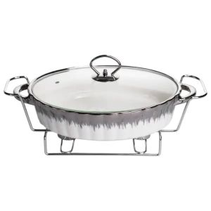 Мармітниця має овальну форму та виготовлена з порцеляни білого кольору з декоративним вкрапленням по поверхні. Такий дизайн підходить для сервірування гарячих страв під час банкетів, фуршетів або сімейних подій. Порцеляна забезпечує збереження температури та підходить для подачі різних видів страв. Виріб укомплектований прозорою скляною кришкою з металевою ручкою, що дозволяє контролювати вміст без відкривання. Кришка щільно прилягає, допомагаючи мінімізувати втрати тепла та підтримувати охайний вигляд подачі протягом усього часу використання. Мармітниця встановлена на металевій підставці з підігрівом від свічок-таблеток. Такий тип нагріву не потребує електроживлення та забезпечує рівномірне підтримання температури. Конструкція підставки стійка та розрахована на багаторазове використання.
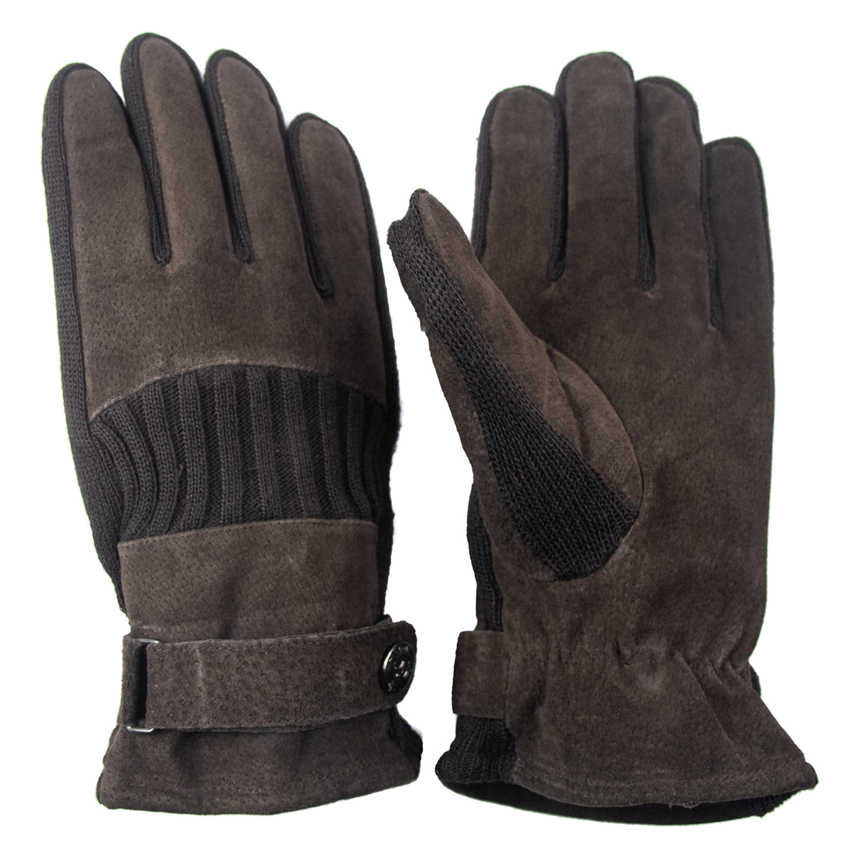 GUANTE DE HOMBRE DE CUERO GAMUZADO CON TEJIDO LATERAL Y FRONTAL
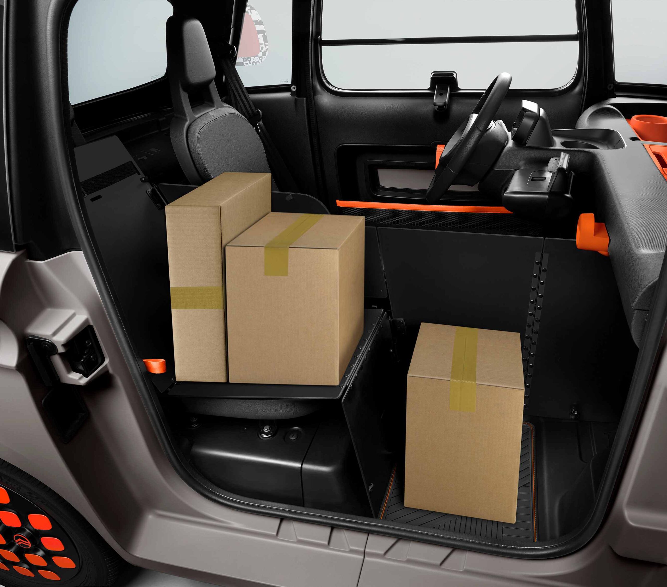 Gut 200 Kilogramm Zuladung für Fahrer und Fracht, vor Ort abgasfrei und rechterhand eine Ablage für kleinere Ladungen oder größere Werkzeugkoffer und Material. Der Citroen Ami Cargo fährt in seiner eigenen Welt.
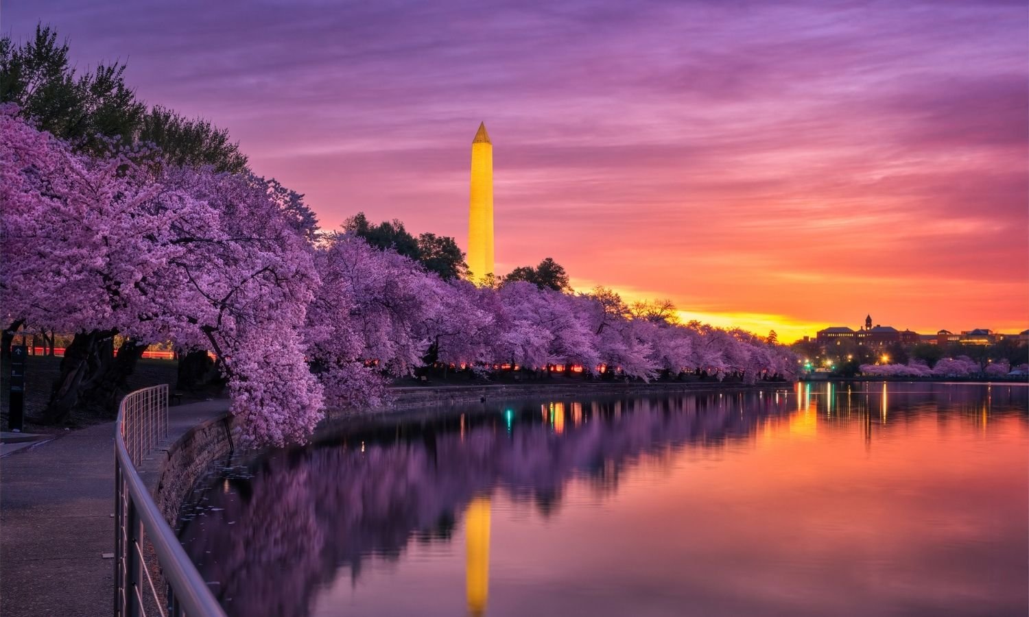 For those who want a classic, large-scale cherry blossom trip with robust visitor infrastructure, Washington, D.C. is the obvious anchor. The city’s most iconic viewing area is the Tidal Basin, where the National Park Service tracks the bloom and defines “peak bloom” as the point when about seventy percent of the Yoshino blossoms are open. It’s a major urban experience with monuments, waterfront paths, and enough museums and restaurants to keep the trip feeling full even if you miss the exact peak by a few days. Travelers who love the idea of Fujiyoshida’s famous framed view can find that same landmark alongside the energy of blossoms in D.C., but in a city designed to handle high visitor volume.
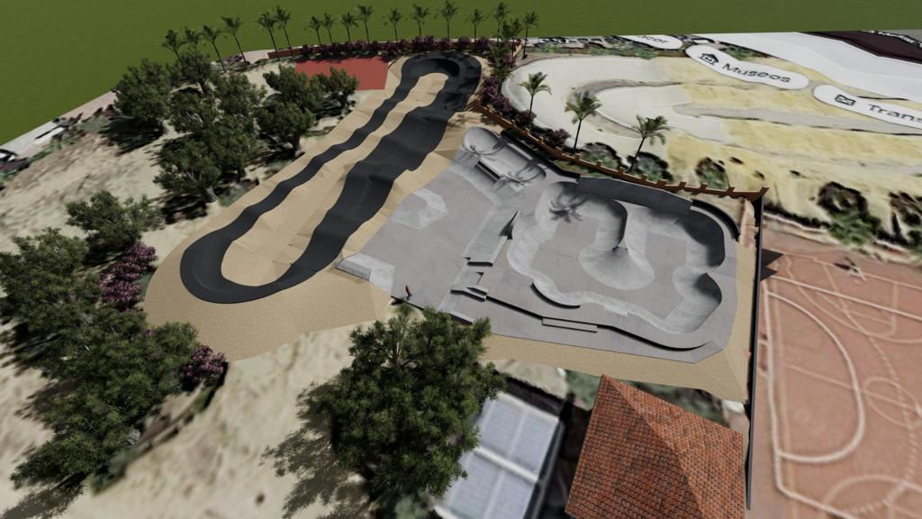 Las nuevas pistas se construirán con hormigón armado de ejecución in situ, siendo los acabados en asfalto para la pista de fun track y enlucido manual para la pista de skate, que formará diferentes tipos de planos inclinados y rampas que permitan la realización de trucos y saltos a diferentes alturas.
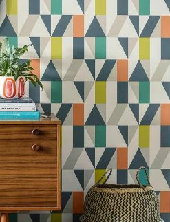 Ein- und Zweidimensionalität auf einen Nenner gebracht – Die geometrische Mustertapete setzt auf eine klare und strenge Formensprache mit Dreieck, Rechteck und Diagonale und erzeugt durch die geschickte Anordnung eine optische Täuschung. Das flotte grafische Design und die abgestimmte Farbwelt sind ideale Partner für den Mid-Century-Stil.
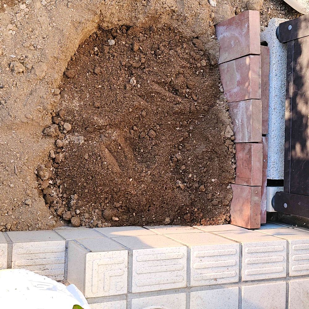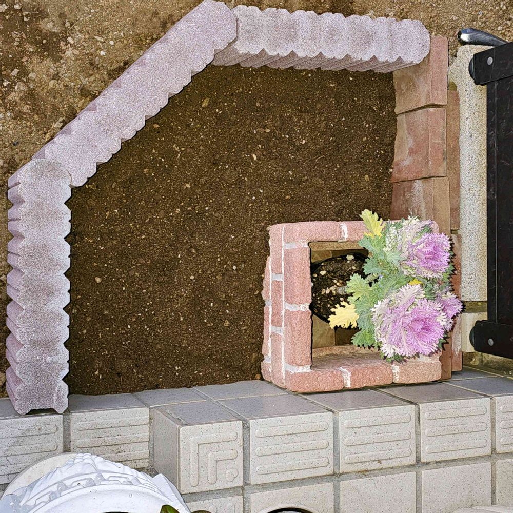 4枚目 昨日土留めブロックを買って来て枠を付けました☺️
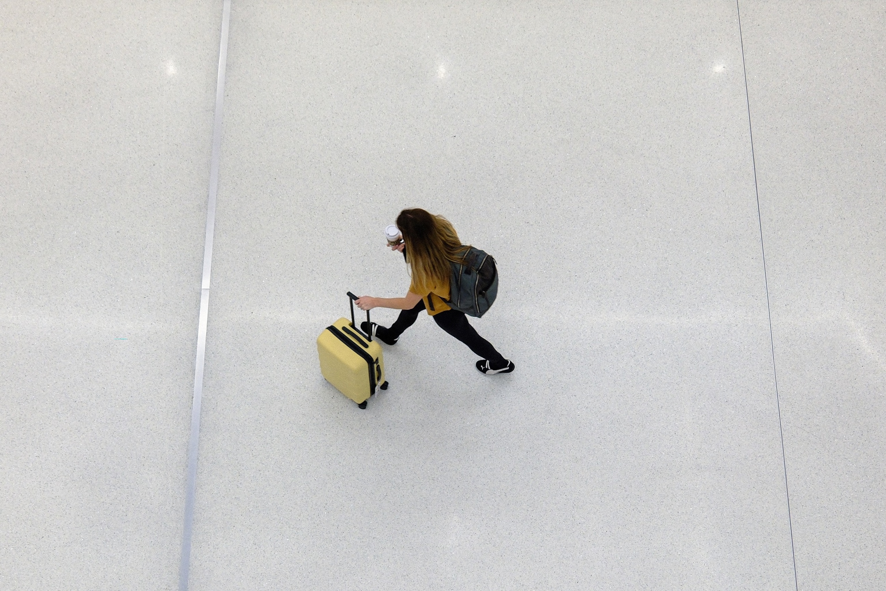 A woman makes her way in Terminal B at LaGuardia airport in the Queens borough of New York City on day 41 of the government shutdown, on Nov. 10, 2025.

EXERCISE DESCRIPTION: An exact copy of the lines above, from the first through the line that holds "Las nuevas pistas", is what is needed; leave the pictures out.

ANSWER BELOW:
 Мармітниця має овальну форму та виготовлена з порцеляни білого кольору з декоративним вкрапленням по поверхні. Такий дизайн підходить для сервірування гарячих страв під час банкетів, фуршетів або сімейних подій. Порцеляна забезпечує збереження температури та підходить для подачі різних видів страв. Виріб укомплектований прозорою скляною кришкою з металевою ручкою, що дозволяє контролювати вміст без відкривання. Кришка щільно прилягає, допомагаючи мінімізувати втрати тепла та підтримувати охайний вигляд подачі протягом усього часу використання. Мармітниця встановлена на металевій підставці з підігрівом від свічок-таблеток. Такий тип нагріву не потребує електроживлення та забезпечує рівномірне підтримання температури. Конструкція підставки стійка та розрахована на багаторазове використання.
 GUANTE DE HOMBRE DE CUERO GAMUZADO CON TEJIDO LATERAL Y FRONTAL
 Gut 200 Kilogramm Zuladung für Fahrer und Fracht, vor Ort abgasfrei und rechterhand eine Ablage für kleinere Ladungen oder größere Werkzeugkoffer und Material. Der Citroen Ami Cargo fährt in seiner eigenen Welt.
 For those who want a classic, large-scale cherry blossom trip with robust visitor infrastructure, Washington, D.C. is the obvious anchor. The city’s most iconic viewing area is the Tidal Basin, where the National Park Service tracks the bloom and defines “peak bloom” as the point when about seventy percent of the Yoshino blossoms are open. It’s a major urban experience with monuments, waterfront paths, and enough museums and restaurants to keep the trip feeling full even if you miss the exact peak by a few days. Travelers who love the idea of Fujiyoshida’s famous framed view can find that same landmark alongside the energy of blossoms in D.C., but in a city designed to handle high visitor volume.
 Las nuevas pistas se construirán con hormigón armado de ejecución in situ, siendo los acabados en asfalto para la pista de fun track y enlucido manual para la pista de skate, que formará diferentes tipos de planos inclinados y rampas que permitan la realización de trucos y saltos a diferentes alturas.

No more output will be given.